There is a dark side to big data. It is personal privacy. There are obvious privacy risks for the accidental or intended disclosure of collected "hard", personal data, but to my way of thinking the real danger is from derived or predictive data using mathematical constructs like Bayesian Inference and other tools. Using large datasets, these tools are melded into business intelligence cubes that work wonders in improving the bottom line, but violate privacy in a fundamental way in the sense that they are predicting human behaviors based on inferential probability, that may have a large degree of error in individual cases, yet are useful enough on a macro scale to improve the bottom line. A good example of this are credit scores. Just because 80 percent of people employing action A with action B tend to default on loans 55 percent more than people who do not exhibit those behaviors, doesn't mean that the entire population demographic will default, yet they are judged as if they all will.
The real danger of this predictive stuff comes from aggregators who combine predictive data with actual personal data and sell it to other companies. Judgements will made that may be untrue, but may result in denial of things like college entrance, handgun ownership, club memberships, professional certifications, career choices (suppose that you are of a certain height and the data says that people of that height do not do well in a particular professional sport. Yet we all know stories of the little guy who could.) and other life events where some sort of body has authority over certain aspects of our lives.
One of the current thrusts of Big Data, is to find non-intuitive behavioral predictors. For example we have heard of Target Department Stores sending pregnancy coupons to a 15 year old girl. Her parents threw a fit, until they discovered that their daughter was actually pregnant. Target figured it out using probabilities and finding a correlation of beauty products and vitamins leading to buying pregnancy stuff five months later in a certain demographic. Supermarkets have long known to put beer and diapers together on a Saturday, and it results in a large increase in sales. (Wife sends hubby to store for diapers, but the big game will be on later on in the weekend and the hubbies buddies are coming over.) All this is fine and dandy because it happens on an anonymous level, but when this sort of predictive stuff is applied with identifying data, it could become dangerous.

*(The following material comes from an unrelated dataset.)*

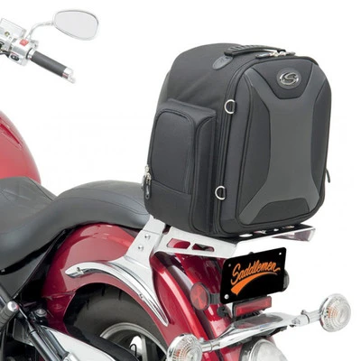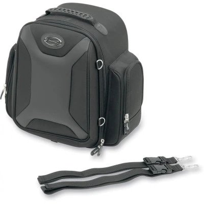 The Saddlemen FTB1500 Sport Sissy Bar Bag features a modern, sporty design with a balanced construction utilizing a mix of rugged materials to create a durable, water-resistant piece of luggage.

What is a CIO or CTO to do? To my way of thinking, the chief responsibility is to management, shareholders and the bottom line, and not to the privacy of the masses. Business is the last venue of civilized men for uncivilized warfare, and as a result, I am predicting a further erosion of privacy from Big Data. It is a force majeure, an unstoppable tsunami of assaults against our privacy that will rival any effort of the NSA or any other organization intent on cataloging the behaviors of the masses.